Bila The Dark Knight menjadi pelopor pendewasaan pada genre superhero, maka tidak berlebihan rasanya bila Deadpool, film superhero R-rated pertama, tahun lalu menjadi bukti shahih bila genre superhero tidaklah harus PG-13 untuk menyenangkan penggemar serta meraup kesuksesan. Keputusan untuk mengikuti jejak Deadpool sangatlah tepat dikarenakan kekuatan tebasan Wolverine itu sendiri, juga ditilik dari watak Wolverine yang kasar, juga beringasan layaknya binatang buas. Dengan rating R nya itu pun memberikan keleluasaan bagi James Mangold untuk menghidangkan aksi yang penuh darah akibat sayatan-sayatan cakar tajam Wolverine, dialog-dialog yang menyelipkan sumpah serapah dan tema cerita dewasa pula. Namun cukup di ranah aksinya saja Mangold bersenang-senang berkat rating R nya, karena dengan rating R nya pula lah penonton melihat sisi lain dari sang pahlawan tercinta ini, dan jujur itu merupakan pengalaman menonton yang memilukan. Ya, siapa yang tidak heartbreaking melihat jagoan masa kecil kebanyakan orang ini terlihat begitu lemah akibat kondisi fisiknya yang terlalu tua, sehingga mengalahkan tiga berandal amatiran saja dirinya begitu kesusahan?

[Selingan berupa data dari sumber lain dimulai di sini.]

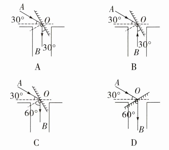 1. 一束光 AO 与水平面成 30°角,小明用一块平面镜使这束光竖直射入井中.下列能正确反映光路、平面镜位置及反射角大小的是 ( )
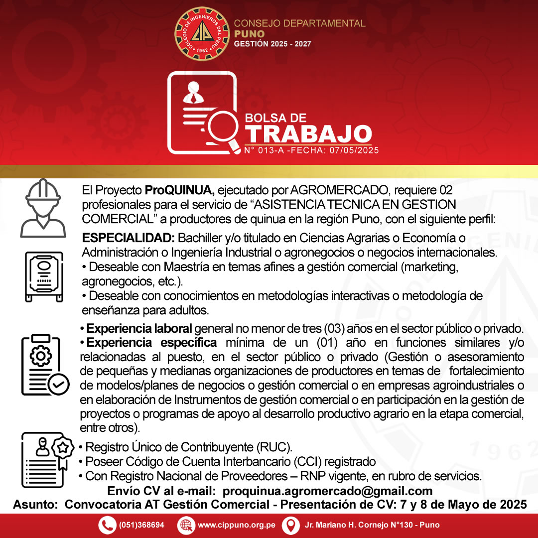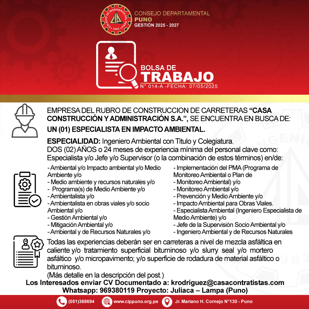 BOLSA DE TRABAJO 0014-CIP-CDP
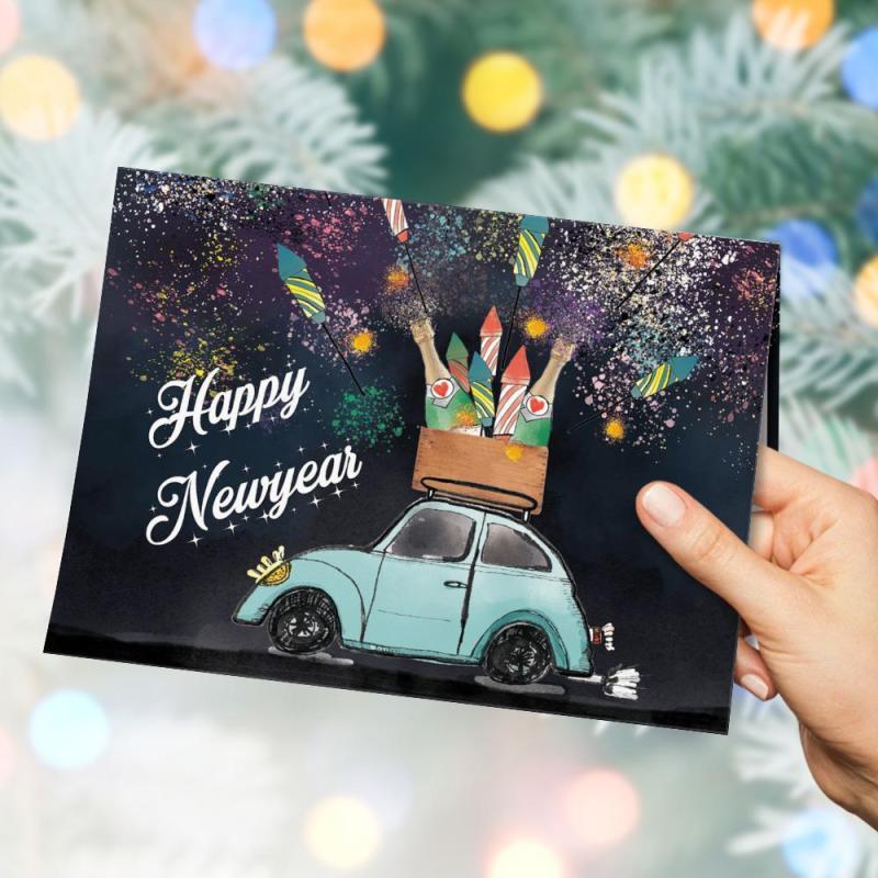 Let's Have A Ride With Champagne Happy New Year Greeting Card Gift For family And Friends

Salah besar jika kalian mengharapkan sosok Wolverine yang badass dan ganas seperti biasanya di dalam Logan, karena apa yang kita saksikan adalah sosok pria dewasa biasa yang menghabiskan hari-harinya dengan minum-minuman beralkohol. Dirinya juga harus menerima kenyataan bila fisiknya telah termakan usia, sehingga setiap kali datangnya musuh, Wolverine mengambil langkah realistis dan mencoba kabur dari kejaran mereka. Bahkan akibat faktor usia pula lah, kemampuan memulihkan diri Wolverine menurun drastis, dimana biasanya dia mampu memulihkan diri dari luka secara total hanya memakan wakut beberapa detik saja, sekarang bukan hanya pemulihannya memakan waktu lama, namun juga meninggalkan bekas di tubuhnya. Terlebih setiap kali dirinya terlihat menderita akibat serangan-serangan yang ia terima, yang tidak jarang mengundang raut muka kesedihan saya setiap kali menyaksikannya.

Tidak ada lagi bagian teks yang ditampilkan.